Why dApps aren’t ready to change the world

2018 has been tipped as the year of the dApp, but are any ready for prime time? Yossi Hasson explores the biggest mistake made by dApp developers.

Written by Yossi Hasson Published on

In the world of blockchains and cryptocurrencies, distributed applications (dApps) are the latest trend exciting the crypto-community and investors alike. Fred Wilson, a prominent VC, wrote in his daily blog that he is most excited because “2018 is the year that we get decentralized applications that we can use.”

Blockstack is one such company trying to make dApps a reality. Blockstack raised $50m during their ICO (which ended in December 2017) and position themselves as a “new internet for distributed applications where users own their data.

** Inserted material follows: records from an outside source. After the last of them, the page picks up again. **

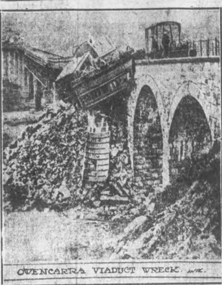
While crossing a trestle over a deep and wide ravine in Donegal, Ireland, a train was blown off the rails and several of the cars fell forty feet to the bottom of the valley, causing the deaths of four persons and serious injury to nine others. The victims lay for hours in the storm before help reached them. Photo shows the wreck of the train and the debris from the shattered Owenarra Viaduct which piled up on the passengers.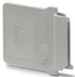
Path extension, color: gray

Please be informed that the data shown in this PDF Document is generated from our Online Catalog. Please find the complete data in the user's documentation. Our General Terms of Use for Downloads are valid ( http://phoenixcontact.com/download )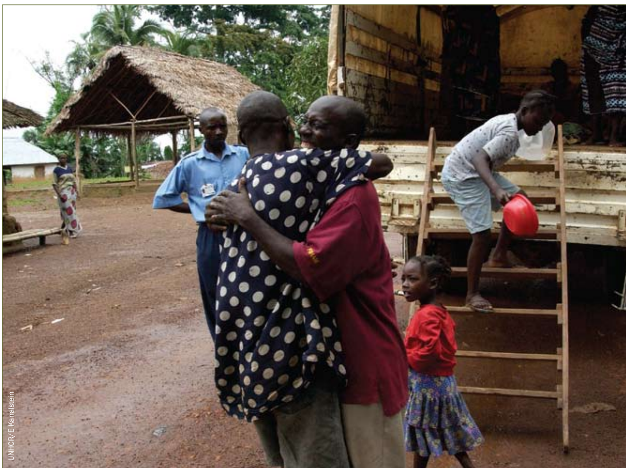
Voluntary repatriation of Sierra Leonean refugees from Liberia, July 2004.

Between 1993 and 2007 more than 9.2 million people across Africa were able to return to their country of origin. Decreases in total refugee populations are also a result of third country resettlement, with over 182,500 people resettled in the same period. Opportunities for local integration, on the other hand, which had been a solution for many refugees

After signing up for Blockstack, you can use your Blockstack ID to sign-up for other distributed applications that have been built to work with the Blockstack network. What’s nice is that you don’t have to re-enter all your user data to sign-up for each new application and you can view and control what data of yours each application is able to access.

I decided to download and install Blockstack to try some of the dApps available. After a successful install and setup of my Blockstack ID (which was easy to do but probably still too technical for an average user), I was able to view the following featured applications and gave Graphite a try.

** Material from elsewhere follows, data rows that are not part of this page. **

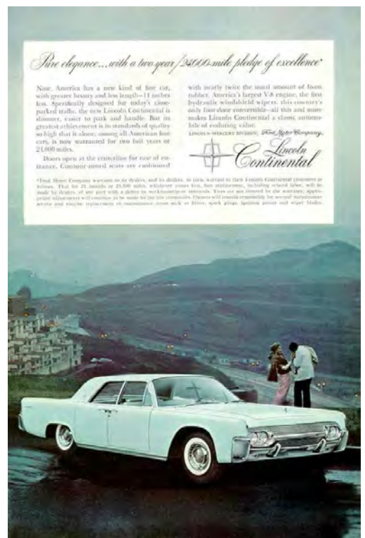
Elegant advertising of Lincoln for 1961

easier, but to many were just confusing, and jutting body lines that changed considerably during the three year styling series in an attempt to improve sales. They weren't bad looking cars, especially considering what else was being marketed at the time, but they weren't setting sales records either. So to many Lincoln customers of the past, the fact a new model year was upon them was hardly the motivation necessary to rush to the Lincoln showrooms.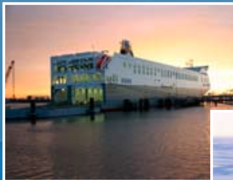
Just to cross the Channel...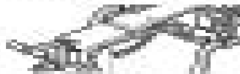
Correct Posture (Illustration Only)

Enter the serial number in the space provided for future reference.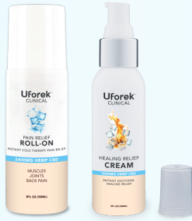
1 Roll-On 1 Cream Pump

UFOREK CLINICAL PAIN AND INFLAMMATION RELIEF HEALTH 1-MONTH PROGRAM $130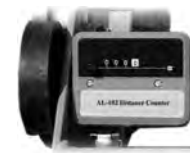
Distance Counter, 5 lbs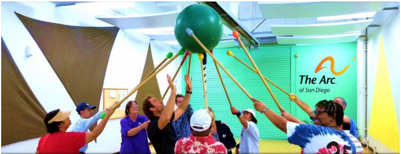
Group Exercise Programming / Inclusive Solutions / Social Connectivity / Personalized Progress

Graphite is the first decentralized and encrypted replacement for Microsoft Word and G-Suite. As expected for a project in its infancy, it’s basic in functionality but does what it claims.

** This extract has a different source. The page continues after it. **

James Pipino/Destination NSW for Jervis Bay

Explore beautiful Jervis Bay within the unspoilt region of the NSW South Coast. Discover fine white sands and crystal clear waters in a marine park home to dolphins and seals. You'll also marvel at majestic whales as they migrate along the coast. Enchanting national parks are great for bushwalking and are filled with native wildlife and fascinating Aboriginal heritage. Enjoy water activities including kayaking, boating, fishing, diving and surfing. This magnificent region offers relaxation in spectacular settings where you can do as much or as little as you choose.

After trying out Graphite, I then played around with To Do List, DotPodcast, Hello Blockstack and Forum until I got bored and moved on to something else. The entire experience unfortunately frustrated me. For the hype and claim about the potential of a decentralized web, I was left experiencing a basic competitor to Word or Google Docs and a very basic To-Do List. There were no new features, no new functionality, and no compelling reason to switch. It wasn’t better designed, it didn’t look newer, and it wasn’t revolutionary or unique. So with no real benefits to offer, why would I switch?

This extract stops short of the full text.